Recipes

A Sublime Summer Salad

The darlings of summer all play well together in salad star Emily Nunn’s homage to the South’s bounty

Photo: JOHNNY AUTRY


For a brief period, everything that makes a Southern summer so delicious seems to peak at once. Peaches are heavy and sweet. Tomatoes crowd the kitchen counter. Blackberries and cucumbers seem to never stop growing. 

It’s almost too much, which is why Emily Nunn started tossing it all into a salad. A Virginia native who had lived in New York City and Chicago, Nunn recently moved to Atlanta after spending the past few years living the solitary writer’s life in a barn in Todd, North Carolina. She finished her memoir, The Comfort Food Diaries, which traced her journey of recovery from heartbreak, alcoholism, and the suicide of her closeted gay brother, and then created what has become one of the most popular paid food newsletters on the Substack platform, The Department of Salad.

Part of Nunn’s inspiration for the newsletter were the salads she began building almost every afternoon from the bounty of a North Carolina summer, a balm during the first year of the pandemic. “They were golden-hour salads,” she says. “Dishes full of everything that still felt good about the beautiful, wounded world we were living in.”

The combinations were inspired. Who would have thought berries, peaches, and tomatoes would go so well with avocado, basil, red onion, and radishes—sweet complementing spicy, and softness contrasting crunch. “I’d never really made salads that felt like they captured summer so aptly without regard for what you do and do not put together in a bowl,” she says. “It was like eating the earth.”

Re-creating the golden-hour salad requires as much intuition as recipe following. If cantaloupe or even muscadines are at their best, invite them to the party.

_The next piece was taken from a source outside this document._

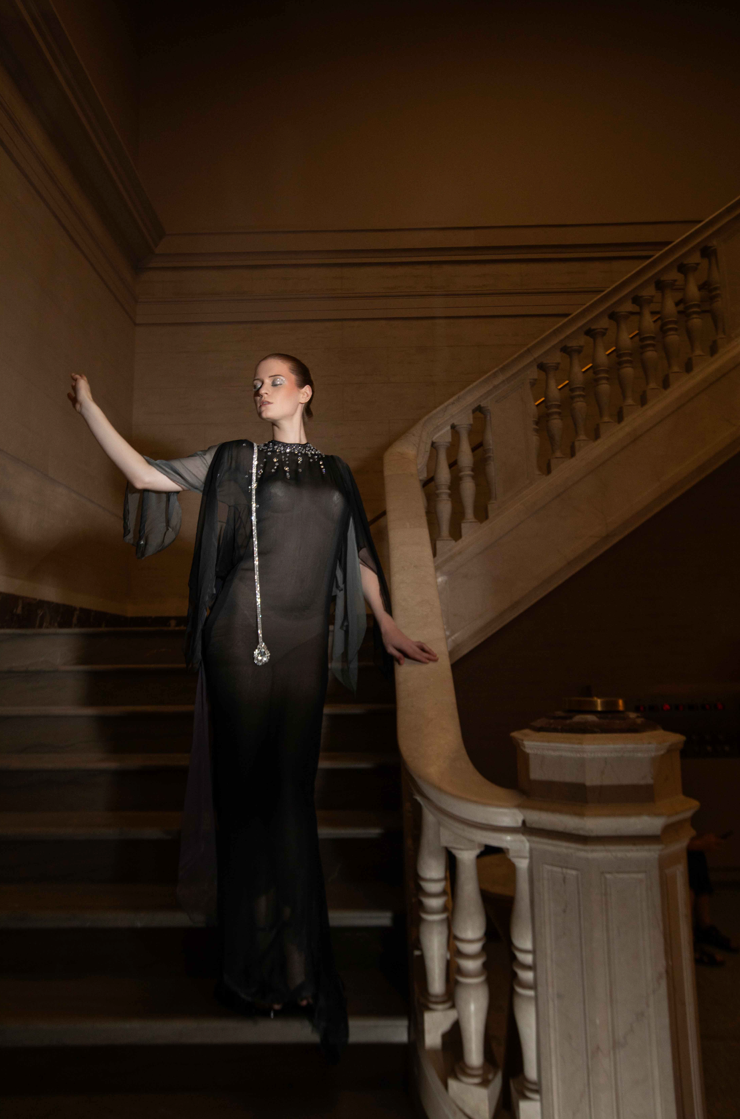 Embrace effortless elegance with the Crystal Nouveau, a striking statement piece for luxurious escapes. Crafted from black crinkled chiffon, this...

The trick is to treat each component with care. Hand tear fresh mozzarella. Seek out a variety of tomatoes for a nice balance of color and acid. Then, follow Nunn’s salad-building architecture, which begins with a bed of soft herbs and textured lettuces. The idea is to end up with a more casual, inviting cousin to the classic composed salad. 

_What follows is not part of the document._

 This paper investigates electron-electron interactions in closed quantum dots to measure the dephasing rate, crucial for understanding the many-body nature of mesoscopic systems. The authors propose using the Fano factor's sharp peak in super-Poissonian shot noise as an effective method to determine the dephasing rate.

Although you can certainly assemble the ingredients on a large platter and serve the salad family style, Nunn likes to prepare individual servings in wide, shallow bowls. That way, each person gets a combination of all the goodies and can then add as much good olive oil and fresh lemon juice as he or she likes. Have a small dish of flaky sea salt on the table and encourage everyone to be generous with it. And don’t be shy about making a bowl just for yourself on a summer afternoon. Salad, Nunn says, can be healing. “I won’t lie to you,” she told readers in her debut newsletter. “I have been using salad as a drug. And it works.” 


Ingredients

  • Southern Golden-Hour Salad (Yield: 4 servings)

    • 4 to 6 handfuls of soft greens, such as butter lettuce, Little Gem lettuce, and arugula

    • 1 big handful of mixed fresh herbs, such as basil, mint, and parsley, torn

    • 1 large cucumber, peeled, seeded, quartered, and sliced

    • 2 big handfuls of big, juicy blackberries

    • 2 large ripe peaches, pitted and cut into chunks (peeling is personal preference)

    • 2 large ripe tomatoes or two handfuls of big cherry tomatoes, cut into chunks

    • 3 or 4 plums, cut into chunks (optional)

    • 2 avocados, cut in half, pitted, and sliced

    • A big handful of radishes, trimmed and sliced

    • 1 large fresh mozzarella ball, torn or cut into small pieces (more to taste)

    • 1/3 of a medium red onion, finely diced

    • Chopped chives, for garnish

    • Very good extra-virgin olive oil

    • 2 lemons, cut into wedges and seeded

    • Flaky sea salt, such as Maldon


Preparation

  1. Toss together greens and about two-thirds of the herbs, then use them to line 4 shallow bowls. (You can also construct the salad in a large bowl or on a platter, but individual servings make it easier for each person to get a good mix and dress the salad to taste.) Arrange all remaining ingredients except the onion and herbs in separate little patches atop the greens. Sprinkle with the remaining herbs, diced onion, and chopped chives.

  2. Serve at the table with lemon wedges, a cruet of olive oil, and flaky sea salt, encouraging everyone to dress the salad with oil, lemon juice, and a generous amount of salt.

Meet the Chef: Emily Nunn

Hometown: 

Galax, Virginia

 


Item she’d grab if the kitchen were burning down:

“I’d probably stand there so long trying to decide that I’d end up a pile of ashes. But the thing I’d probably be clutching when they found me is my Microplane.”


Best book about cooking that isn’t about cooking:

“Laurie Colwin’s Family Happiness. It made me want to write about food. And I loved Kitchen, by Banana Yoshimoto: food as a balm for grief. And Heidi, with all the cheese.”

 

 

One food that says the South: 

“For me, as a Virginian, it’s spoon bread, followed by pimento cheese.”